Extracted records
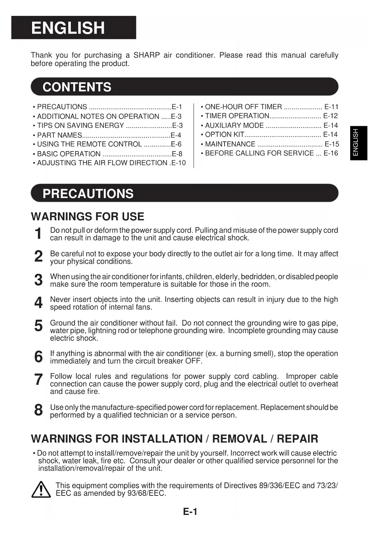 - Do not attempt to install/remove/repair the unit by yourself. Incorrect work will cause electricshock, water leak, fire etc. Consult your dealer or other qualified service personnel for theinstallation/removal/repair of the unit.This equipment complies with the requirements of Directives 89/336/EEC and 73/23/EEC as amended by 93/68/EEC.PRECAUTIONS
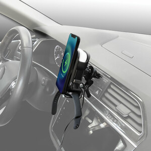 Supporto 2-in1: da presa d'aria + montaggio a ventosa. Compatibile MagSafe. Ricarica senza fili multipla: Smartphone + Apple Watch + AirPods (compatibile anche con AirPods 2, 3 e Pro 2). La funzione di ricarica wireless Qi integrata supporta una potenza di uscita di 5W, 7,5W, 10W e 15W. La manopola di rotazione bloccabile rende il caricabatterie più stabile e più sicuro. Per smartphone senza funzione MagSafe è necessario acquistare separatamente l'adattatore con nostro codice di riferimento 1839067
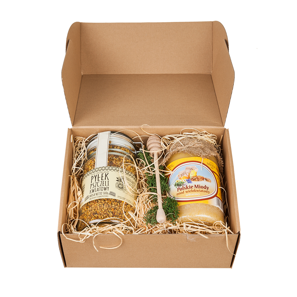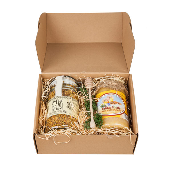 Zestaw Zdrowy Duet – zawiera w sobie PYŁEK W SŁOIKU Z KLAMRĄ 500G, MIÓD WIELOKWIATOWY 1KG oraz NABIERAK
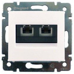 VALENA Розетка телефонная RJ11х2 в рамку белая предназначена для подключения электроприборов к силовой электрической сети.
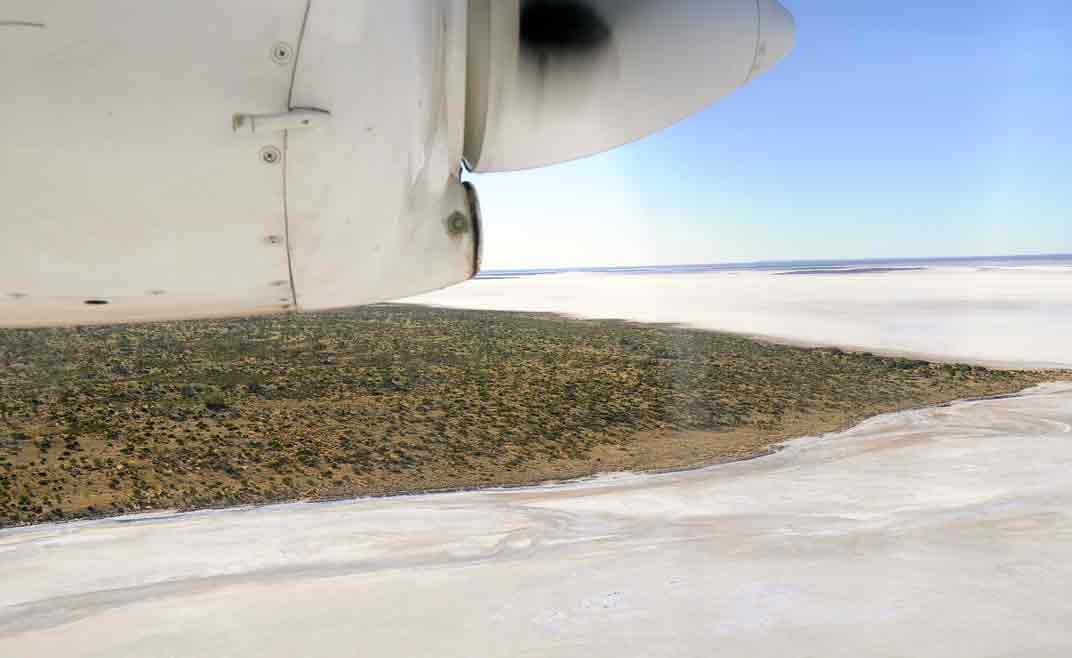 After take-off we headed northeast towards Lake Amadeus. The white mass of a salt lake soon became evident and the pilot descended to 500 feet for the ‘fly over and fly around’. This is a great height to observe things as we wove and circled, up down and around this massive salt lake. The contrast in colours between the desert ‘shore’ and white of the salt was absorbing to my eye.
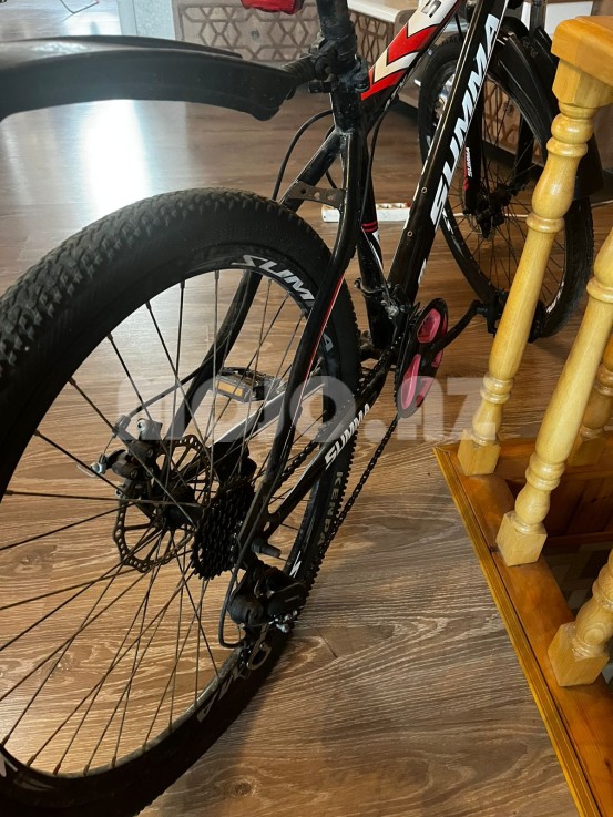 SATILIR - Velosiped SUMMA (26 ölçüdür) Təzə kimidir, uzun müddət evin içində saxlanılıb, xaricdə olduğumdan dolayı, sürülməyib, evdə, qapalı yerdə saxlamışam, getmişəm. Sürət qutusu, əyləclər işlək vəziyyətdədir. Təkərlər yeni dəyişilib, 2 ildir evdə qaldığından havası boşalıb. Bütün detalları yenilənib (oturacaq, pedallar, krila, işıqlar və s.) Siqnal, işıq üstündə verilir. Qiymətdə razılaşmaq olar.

* * *

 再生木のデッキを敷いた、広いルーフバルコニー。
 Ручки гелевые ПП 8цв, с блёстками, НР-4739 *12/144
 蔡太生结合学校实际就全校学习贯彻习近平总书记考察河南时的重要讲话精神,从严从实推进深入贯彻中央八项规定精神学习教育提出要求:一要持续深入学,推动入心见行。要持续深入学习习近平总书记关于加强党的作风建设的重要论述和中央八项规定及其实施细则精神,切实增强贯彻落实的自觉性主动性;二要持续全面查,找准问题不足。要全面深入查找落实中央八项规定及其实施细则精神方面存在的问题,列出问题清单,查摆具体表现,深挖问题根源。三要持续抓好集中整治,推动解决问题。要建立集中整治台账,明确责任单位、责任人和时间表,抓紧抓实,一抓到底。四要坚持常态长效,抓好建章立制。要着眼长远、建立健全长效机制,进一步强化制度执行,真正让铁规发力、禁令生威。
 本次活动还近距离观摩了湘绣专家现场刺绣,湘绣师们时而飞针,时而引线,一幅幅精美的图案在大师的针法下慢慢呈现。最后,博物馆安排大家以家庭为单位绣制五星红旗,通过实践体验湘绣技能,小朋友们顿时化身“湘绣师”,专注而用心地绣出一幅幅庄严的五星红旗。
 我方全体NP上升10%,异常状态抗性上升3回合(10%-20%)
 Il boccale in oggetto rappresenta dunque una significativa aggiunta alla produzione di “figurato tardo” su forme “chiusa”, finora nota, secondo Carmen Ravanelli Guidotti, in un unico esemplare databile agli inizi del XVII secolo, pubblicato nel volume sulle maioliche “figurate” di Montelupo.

Task brief: Above this instruction are the records; retype exactly the lines from the one containing "我方全体NP上升10%,异常状态抗性上升3回合(10%-20%)" up to and including the one containing "Il boccale in".

Answer section:
 我方全体NP上升10%,异常状态抗性上升3回合(10%-20%)
 Il boccale in oggetto rappresenta dunque una significativa aggiunta alla produzione di “figurato tardo” su forme “chiusa”, finora nota, secondo Carmen Ravanelli Guidotti, in un unico esemplare databile agli inizi del XVII secolo, pubblicato nel volume sulle maioliche “figurate” di Montelupo.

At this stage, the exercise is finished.